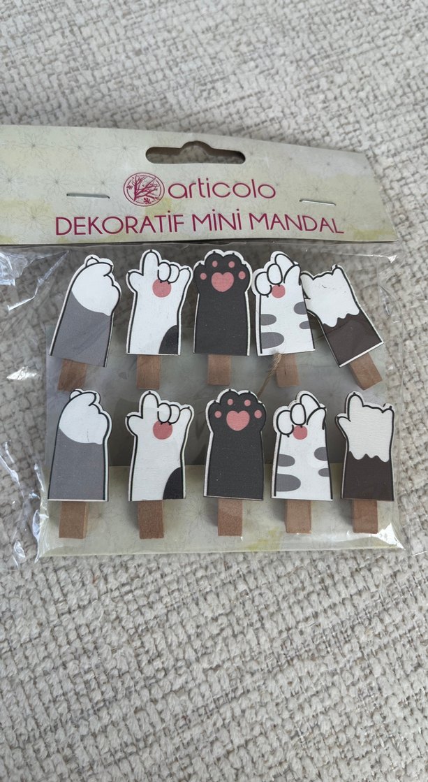 Articolo dekoratif mini mandallar, bej ve gri tonlarda farklı kedi pati ve kuyruk desenleri içerir. Küçük el işi veya tırnak süslemeleri için uygundur.
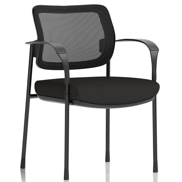 Make meetings more comfortable and visually refined with the Brunswick Deluxe Visitor Chair. Designed with a generously sized backrest and a deeply cushioned seat, it offers lasting support for extended sessions. The wave-shaped armrests add a contemporary touch, while the lightweight mesh-back version features a breathable padded cloth seat, durable polyurethane armrests, and a sleek black frame. Stackable up to four high, it’s a practical choice for dynamic office spaces that value both style and efficiency
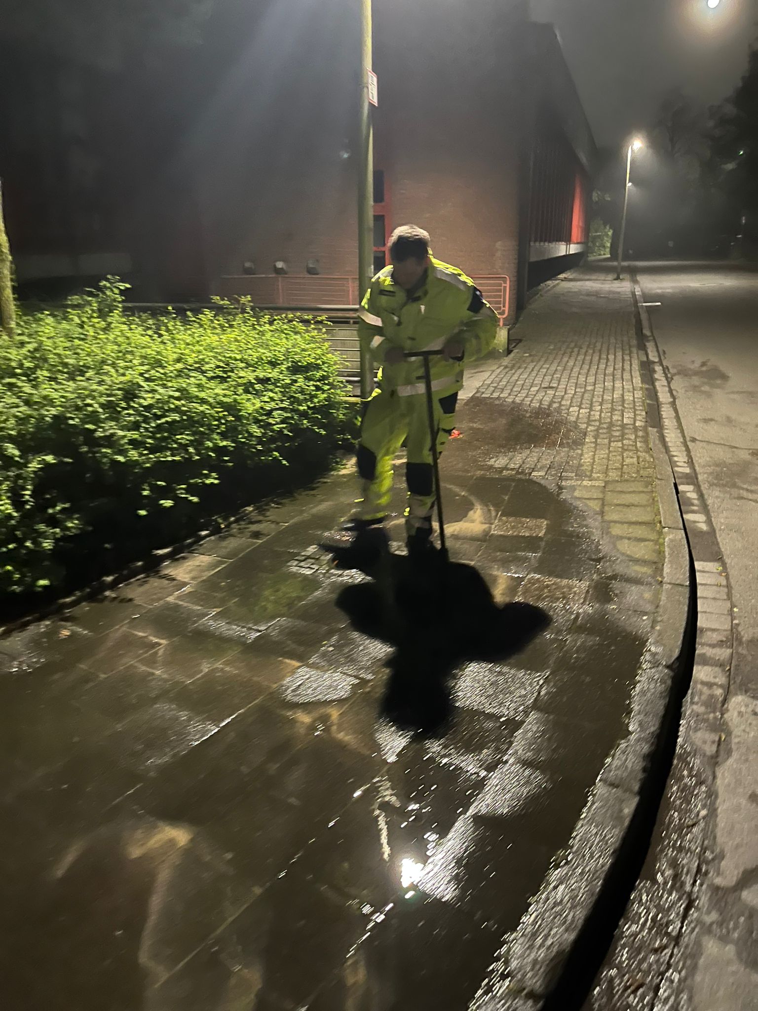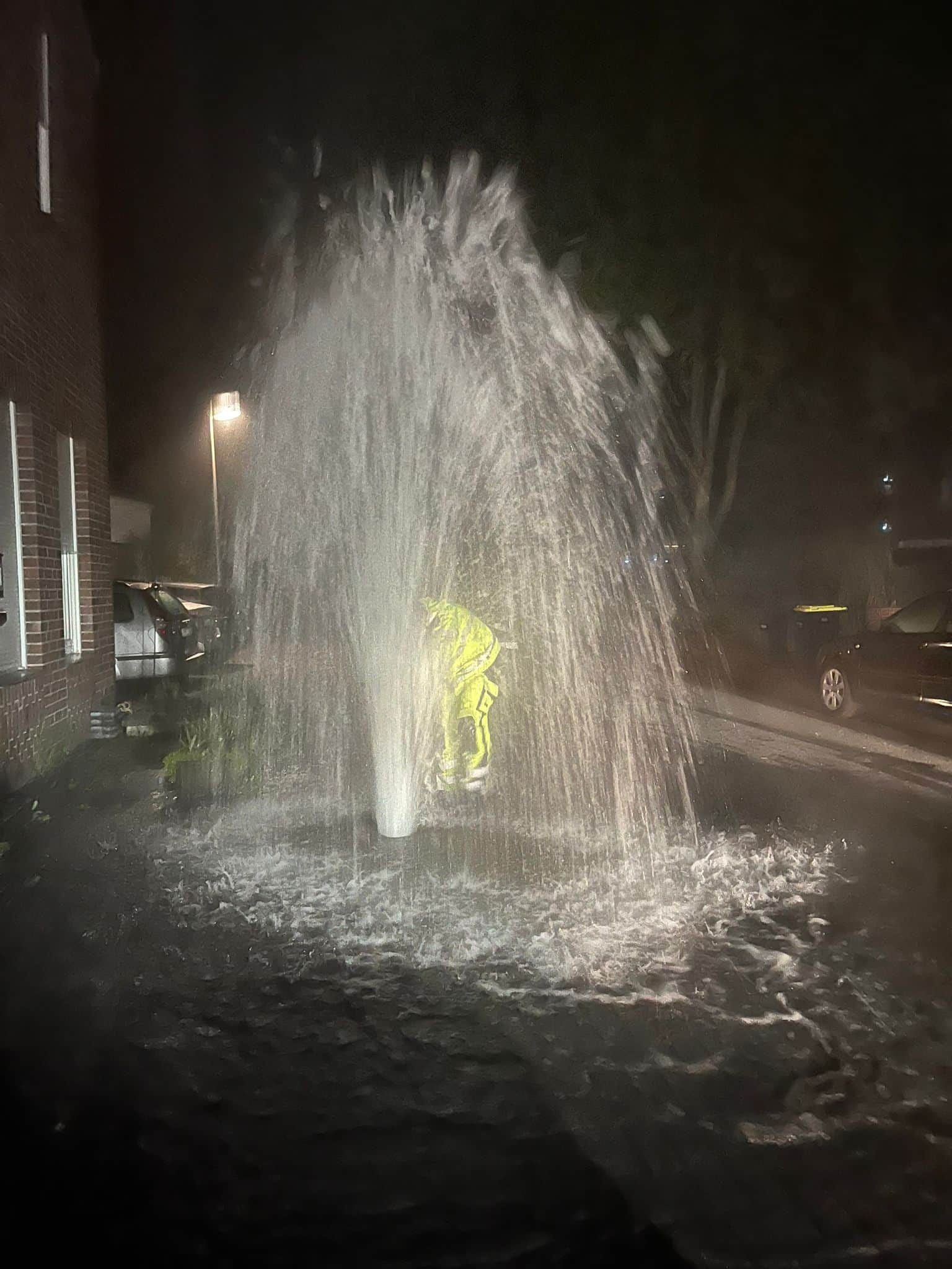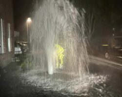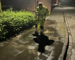 Gegen 3:30 Uhr nachts rückte ein Fahrzeug zu einer weiteren technischen Hilfeleistung aus. Ein Unbekannter hatte in der Gronauer Innenstadt mehrere Hydranten geöffnet. Das Wasser stand zum Teil in meterhohen Fontänen auf der Straße. Die Feuerwehr Gronau schloss die Hydranten und beseitigte so die Gefahrenstellen. Das Wasser floss durch die Regenabflüsse nach und nach ab.
═══
Could you reproduce the listing above exactly and drop every picture?

 Articolo dekoratif mini mandallar, bej ve gri tonlarda farklı kedi pati ve kuyruk desenleri içerir. Küçük el işi veya tırnak süslemeleri için uygundur.
 Make meetings more comfortable and visually refined with the Brunswick Deluxe Visitor Chair. Designed with a generously sized backrest and a deeply cushioned seat, it offers lasting support for extended sessions. The wave-shaped armrests add a contemporary touch, while the lightweight mesh-back version features a breathable padded cloth seat, durable polyurethane armrests, and a sleek black frame. Stackable up to four high, it’s a practical choice for dynamic office spaces that value both style and efficiency
 Gegen 3:30 Uhr nachts rückte ein Fahrzeug zu einer weiteren technischen Hilfeleistung aus. Ein Unbekannter hatte in der Gronauer Innenstadt mehrere Hydranten geöffnet. Das Wasser stand zum Teil in meterhohen Fontänen auf der Straße. Die Feuerwehr Gronau schloss die Hydranten und beseitigte so die Gefahrenstellen. Das Wasser floss durch die Regenabflüsse nach und nach ab.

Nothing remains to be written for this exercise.